But the thing is, there’s something about Red, White & Royal Blue that makes everything within its pages feel, well, not that implausible. This is a book of dreams, but the dreams it holds feel possible. People out there, like President Ellen Claremont, like Senator Rafael Luna (oh, Luna – if the book contains a secondary ‘love story,’ it’s the relationship between Alex and his mentor slash muse, which will rip your heart out and blow it up like a balloon), like Nora Holleran, like Percy Okonjo, like Princess Catherine – they exist. I know they do. What they want for the world is possible. What they could do with their power is possible.

What Red, White & Blue says to me – what it should say to every reader – is “You deserve this. You can have this. Do not settle for anything less than this.” Novels are guidebooks to the human condition, after all, and McQuiston is charting us a map of a better world.

While the events of the past few years have completely obliterated my faith in humanity as a whole, what they have taught me is how little facts alone hold up and how powerful the rhetoric that makes you feel seen and supported can be.

The proof is in those who got us into this mess – the people who are currently feeling seen and supported by the permission to discriminate that those in power are offering, not to mention the damage being done to and by the groups of people who think they’re being seen and supported but are in fact being used. We’ve seen the causality of rhetoric when used to lie and fearmonger.

But rhetoric in and of itself is not a dirty word. It is merely the art of persuasion, and if those capable of harnessing it for good can tap into the same power grid and spin not lies and fear, but truth and dreams; if they can grant us permission to hope again, put the feeling of it in our hands, our mouths, our hearts – well, with the right people telling the right stories, together we might be able to rewrite history. The first step is believing that we deserve it, that we can have it, that we can make a future where we don’t have to settle for anything less.

London’s Pride Parade took place this weekend, and in the summer of another world’s 2019, Henry Fox-Mountchristen-Windsor knows exactly who he is and exactly what he’s missing. Also commemorating 50 years of the gay rights movement, the Pride in London theme this year is ‘Jubilee,’ the ancient Biblical word now best known as a quintessentially British term to describe the special anniversaries of a monarch’s reign.

How cruel that must feel, how it must burn him, trapped in a closet the size of Windsor Castle. At Buckingham, where the parade passes by a stone’s throw away, or at home in Kensington a couple of miles across Hyde Park, his palaces are prisons. His life has never been his own for reasons that don’t begin or end with his sexuality, and that is where my bond with this book really begins.

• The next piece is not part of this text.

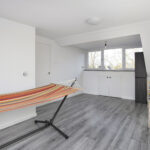 De uitgebouwde woonkamer biedt een verrassend ruime leefomgeving met open keuken en directe toegang tot de tuin via de schuifpui. Tevens is een bergkast aanwezig met ook plek voor de cv ketel.
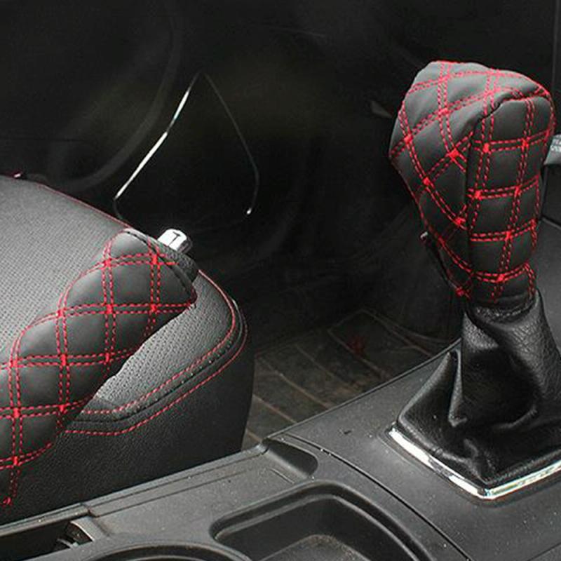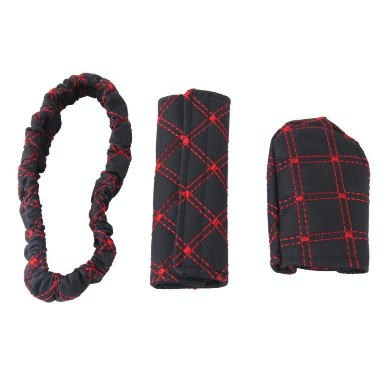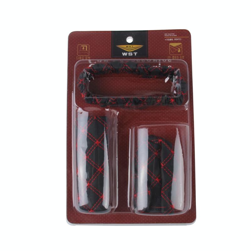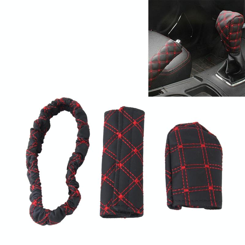 3 PCS Car Hand Brake Cover Shift Knob Gear Stick Cushion Sets Rear View Mirror Sets Cover Car Accessory Interior Decoration Pad(Red)

I’ve always been moved by stories that deconstruct the private trauma of those who have to live in the public eye. And I think a lot of people are, it’s a story we tell a lot, quite sensitively, in many forms of fiction. Red, White & Royal Blue is one of these. The suffering that can accompany extreme privilege is a lot more complex than just #champagneproblems, although it’s easy to dismiss on the grand scale of poverty and oppression.

But it’s isolating and dehumanizing and the darkness of it becomes even harder to bear when your life in the public eye is not something you signed up for: if, rather than being borne of a personal career choice, it is instead something that was forced upon you, or became unavoidably tangential to your life, or, worst of all, if it is something that you were born into.

Empathy for “famous people” is something I have in spades – more than the average consumer of media, I’ve been told. My pity and protectiveness for their right to privacy and personal freedom is sometimes warranted and justified, and sometimes, I admit, it’s probably projecting a little too far. But I know the origin of this mindset which has, for as long as I can remember, been a core truth of my own moral code – and it’s the two British royals who it’s difficult to read Red, White & Royal Blue without thinking of.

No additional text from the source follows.